▶ GOAL OF THE EXERCISE
Word for word, output every line of the material below, minus pictures.

▶ RECORDED INFORMATION
((
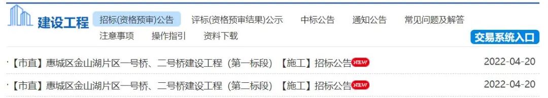 4月20日,惠州市公共资源交易中心发布《惠城区金山湖片区一号桥、二号桥建设工程(第一标段)【施工】招标公告》《惠城区金山湖片区一号桥、二号桥建设工程(第二标段)【施工】招标公告》,对金山湖片区一号桥、二号桥进行招标,距离正式动工又近了一步。
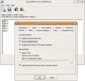 ClamWin — свободный антивирусный сканер под Windows 98/ME/2000/XP/2003/Vista/7/8. Обеспечивает графический интерфейс к пакету Clam Antivirus.
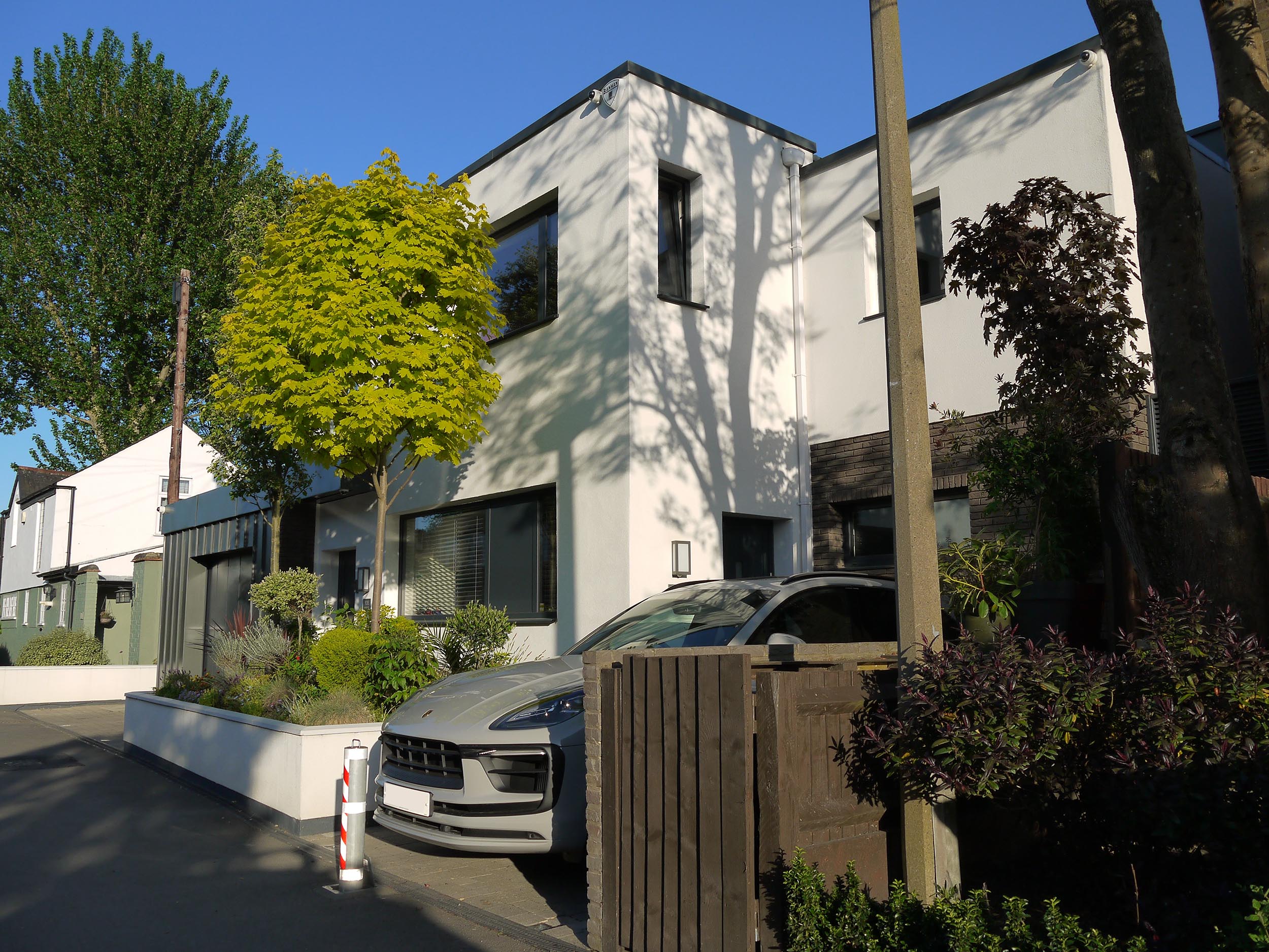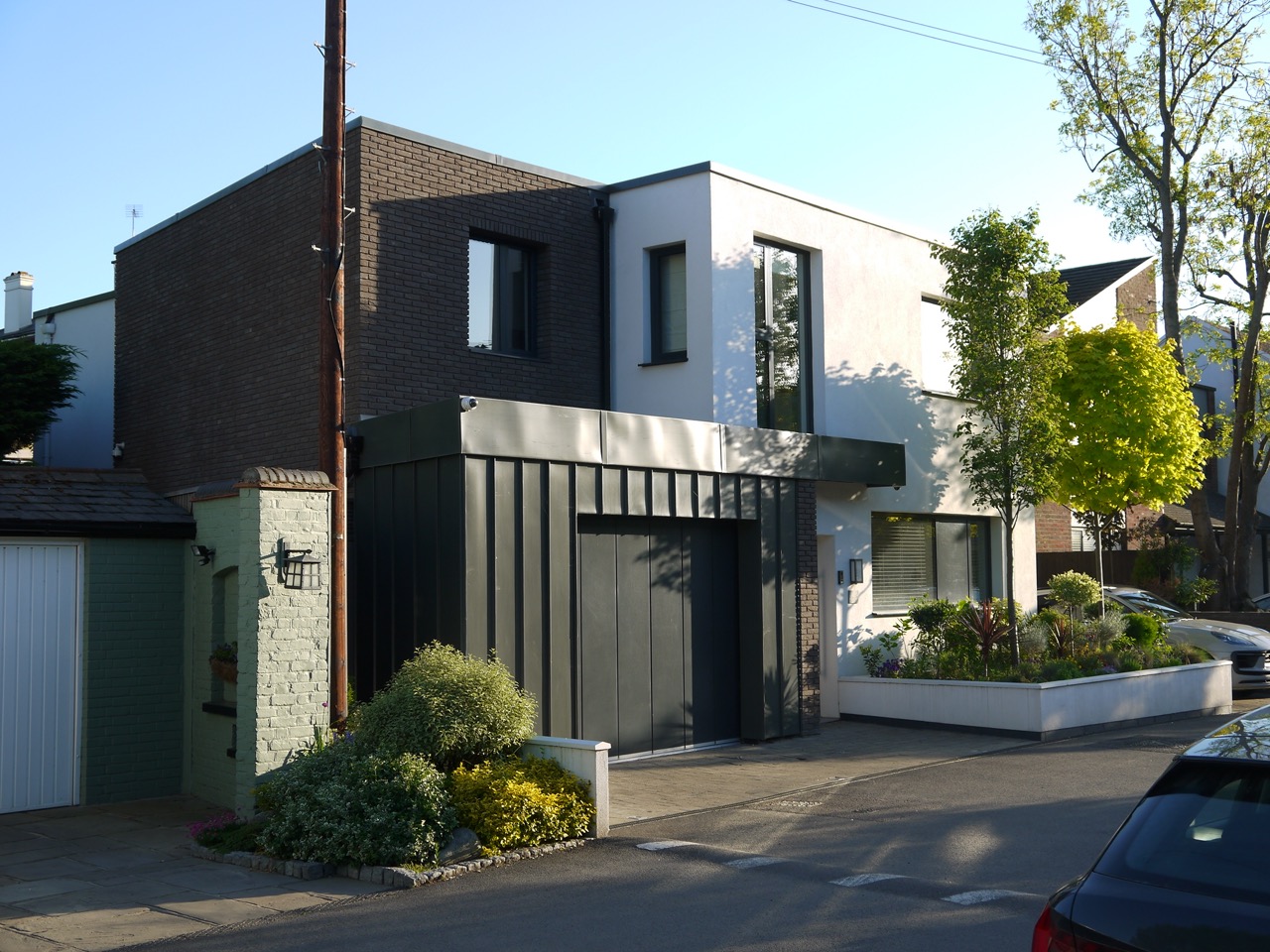 The building was to be modern in looks as well as performance with specialist Dutch thin bricks standing, seam dark Zinc or timber panelling, white render and large glazing elements including floor to ceiling high glass doors.
))
▶ ANSWER AREA
 4月20日,惠州市公共资源交易中心发布《惠城区金山湖片区一号桥、二号桥建设工程(第一标段)【施工】招标公告》《惠城区金山湖片区一号桥、二号桥建设工程(第二标段)【施工】招标公告》,对金山湖片区一号桥、二号桥进行招标,距离正式动工又近了一步。
 ClamWin — свободный антивирусный сканер под Windows 98/ME/2000/XP/2003/Vista/7/8. Обеспечивает графический интерфейс к пакету Clam Antivirus.
 The building was to be modern in looks as well as performance with specialist Dutch thin bricks standing, seam dark Zinc or timber panelling, white render and large glazing elements including floor to ceiling high glass doors.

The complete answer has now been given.